CLEVELAND - The nominees have been announced, now it is your turn to vote on who will be inducted into Cleveland's Rock and Roll Hall of Fame.
You can cast up to five votes.
Included on this year's list of 19 potential inductees:
Chaka Khan: Started with the funk and rock group Rufus in the '70s, but she broke away in 1978 with the hit "I'm Every Woman." She had a hit with her 1984 solo album "I Feel For You."
Electric Light Orchestra (ELO): Formed in 1970 by Jeff Lynne and Roy Wood, ELO was created to write modern rock and pop songs with classical music.
Janet Jackson: The youngest member of the Jackson family, Janet Jackson started as a child actress on "Good Times" and "Fame," but had a five-time platinum album with her LP "Control" in 1986. This is Jackson's second nomination. She was eligible in 2007, but was nominated in 2016 and again for 2017. She has sold more than 160 million records, making her one of the best-selling artists in history.

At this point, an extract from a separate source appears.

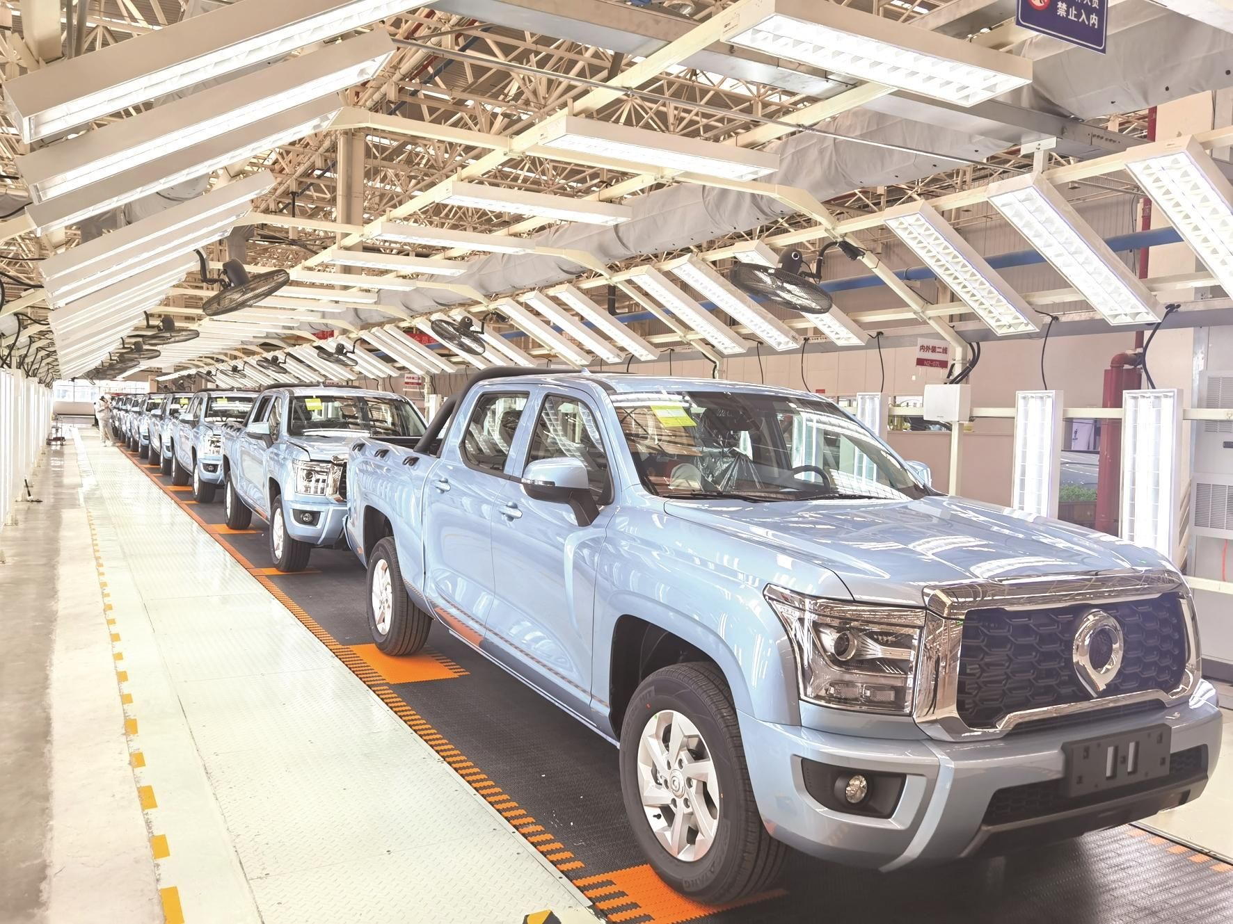 长城汽车荆门工厂刚刚下线的“金刚炮”皮卡。

Journey: Formed in San Francisco in 1973, Journey started out with progressive and hard rock sounds. In 1977, Steve Perry joined former Santana members Neil Schon and Gregg Rolie. Their biggest hit, "Don't Stop Believin'" has continued to be played on radio stations and has found new life after being featured prominently on the television show "Glee," the final episode of "The Sopranos" and on Broadway in the musical "Rock of Ages."

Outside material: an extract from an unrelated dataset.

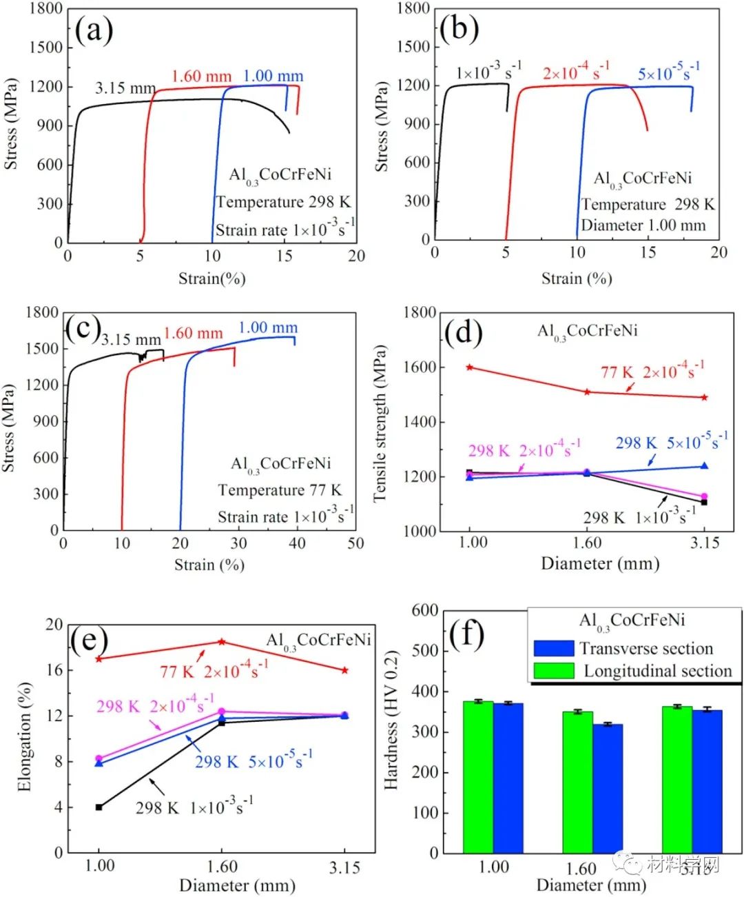綜述所述,本文研究了五元Al0.3CoCrFeNi HEA纖維的微觀結構和力學性能的影響。采用熱旋鍛和熱拉工藝制備的HEA纖維主要織構為<111>和<100>織構。Al和Ni原子之間的強相互作用產生了大約200nm的B2 Al-Ni粒子。在HEA纖維的拉伸試驗中,析出的顆粒和細小的晶粒共同促進了纖維的持續高強度和延展性。特別是直徑為1.00 mm的纖維在298K時表現出了顯著的拉伸強度和延展性,分別為1207 MPa和7.8%,在77K時分別提高到1600 MPa和17.5%。與298K時的平面滑移變形機制相比,77K時變形后出現了形變誘導的納米孿晶,從而提高了77k時的拉伸強度和延性。HEA纖維在低溫下強度與延性的良好結合,為未來高性能HEAs工程材料的開發開辟了一條創新的道路。

Pearl Jam: The grunge band from Seattle debuted their album "Ten" in 1991 after being founded only a year earlier. "Ten" went on to sell more than 13 million copies and included hits "Alive" and "Jeremy." In 2000, Pearl Jam took on companies like Ticketmaster, trying to cut the fees the ticket companies tacked on and signing exclusive deals with concert venues leaving both bands and fans with no alternative for tickets, but to buy through the companies, according to Rolling Stone.
Tupac Shakur: From the world of hip-hop, Tupac Shakur was a multi-platinum rapper and a movie star. His first solo album "2Pacalypse Now" came out in 1991 with hits like "Brenda's Got a Baby." It also shined a spotlight on street violence and police harassment, leading Vice President Dan Quayle to call for the album being pulled after Quayle linked the album to increasing crime according to the Los Angeles Times. Shakur would go on to star in movies like "Juice," "Poetic Justice" and "Above the Rim." After only five years in the business, Shakur was murdered in 1996 at the age of 25.